Still, he was hoping to make up for his lack of subtlety with persistence.
     He went straight up to the bar, where the barkeeper was plying his hammer and faucet to the bung of a stubborn cask of ale. The barkeeper was a skinny fellow, wearing the tunic of a townsman. When he saw Guthram, he set aside his hammer and said, “What'll it be, youngling?”
     “I'm looking for work,” said Guthram, slightly breathless, too anxious. “All I need is a roof over my head and my keep.”
     The barman looked him up and down. “Did the port-master send you here?”
     “No, I just walked in off the street.”
     The barman looked him up and down again. “So - you just walked in off the street and you expect me to give you a job?”
     “I'm a hard worker,” said Guthram evenly. “I'm strong and willing. I'd be no trouble.”
     The barman looked over at the table where his regulars were all waiting with huge grins on their faces. “You'll be no trouble, all right - I'm not hiring today.”
     Guthram nodded, trying to hide his disappointment. “Fair enough. Do you know anybody who's looking to hire on?”
     The barman considered this for a moment, as he stroked his stabled chin. “You might try the Temple of Tabbaoth,” he said at last, then turning to grin at his customers. “I hear they're always looking for willing victims for their sacrifices.”

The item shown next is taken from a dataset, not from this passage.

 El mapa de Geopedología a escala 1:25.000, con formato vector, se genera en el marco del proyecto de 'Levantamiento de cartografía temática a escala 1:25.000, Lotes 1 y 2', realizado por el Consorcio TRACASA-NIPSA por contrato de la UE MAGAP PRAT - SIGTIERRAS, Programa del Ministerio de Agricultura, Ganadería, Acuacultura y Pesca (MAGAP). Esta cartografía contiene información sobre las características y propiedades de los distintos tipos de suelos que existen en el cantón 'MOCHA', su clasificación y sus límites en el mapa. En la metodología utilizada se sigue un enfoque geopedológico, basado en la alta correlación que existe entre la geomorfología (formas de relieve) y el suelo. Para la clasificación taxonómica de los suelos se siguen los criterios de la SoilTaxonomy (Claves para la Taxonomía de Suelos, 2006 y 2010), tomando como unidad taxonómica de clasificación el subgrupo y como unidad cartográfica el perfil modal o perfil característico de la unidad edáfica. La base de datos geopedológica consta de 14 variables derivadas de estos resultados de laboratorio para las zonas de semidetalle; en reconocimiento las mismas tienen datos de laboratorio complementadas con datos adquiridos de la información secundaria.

     He was rewarded with a chorus of laughter from his cronies at the tables. Guthram grew red, and he knew he would get nowhere here. He turned to go, when one of the regulars at the table reached out a hand and caught at his sleeve.

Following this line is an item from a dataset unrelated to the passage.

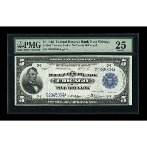 <B>Fr. 794 $5 1918 Federal Reserve Bank Note PMG Very Fine 25.</B></I> The paper is bright white and contrasts nicely with the bright blue overprint.<BR><BR><b>Shipping:</b> Coins & Currency (<a target="_blank" href="http://www.heritageauctions.com/common/shipping.php">view shipping information</a>)
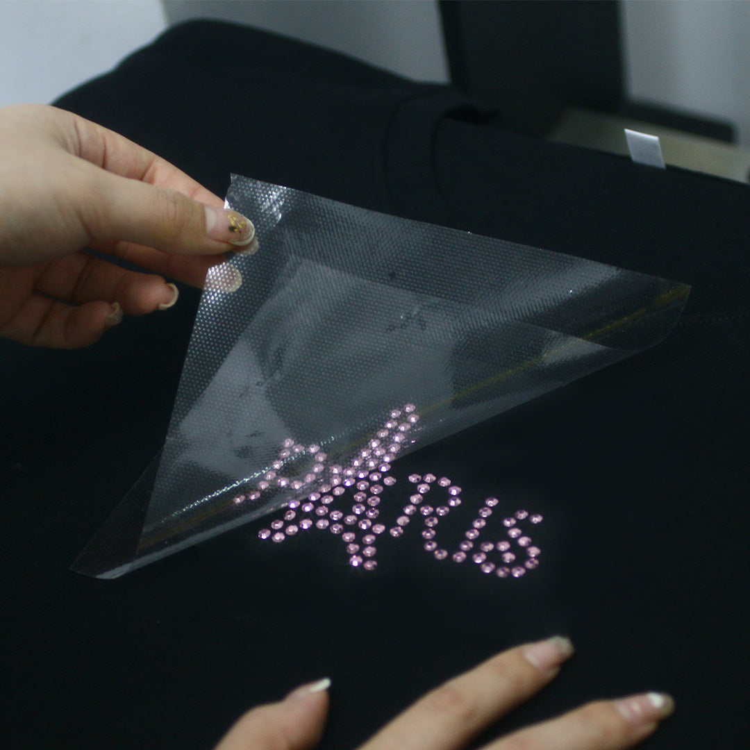 Use rhinestud transfer to quickly customize personalized patterns and logos for your T-shirts or hoodies. No matter the brand, IP clothing for amusement parks or promotional gift clothing, the value of your product will be doubled through high-end, eye-catching logos and sales opportunities will increase.

     “I hear Iäz the Wizard is looking for fit young men,” he said, through his tears of merriment. His buddies all quelled their laughter in expectation of another jest.
     Guthram shook himself free and stalked out, not waiting to hear the punch line. The wag shouted it after him anyway: “He's got no frogs in his lily pond, so anybody who turns up there looking for work has got a job for life!”
     “And,” chimed in one of his fellows, “all the flies he can eat!”
     Guthram slunk out of the tavern, unable to meet the eye of the sailor who kept watch at the door. The beggar had gone, so at least he hadn't witnessed his humiliation.
     Turning up the street, he made his way to the next building, which was that of a livery stable. He knew something of horses, so he decided to try his luck in here.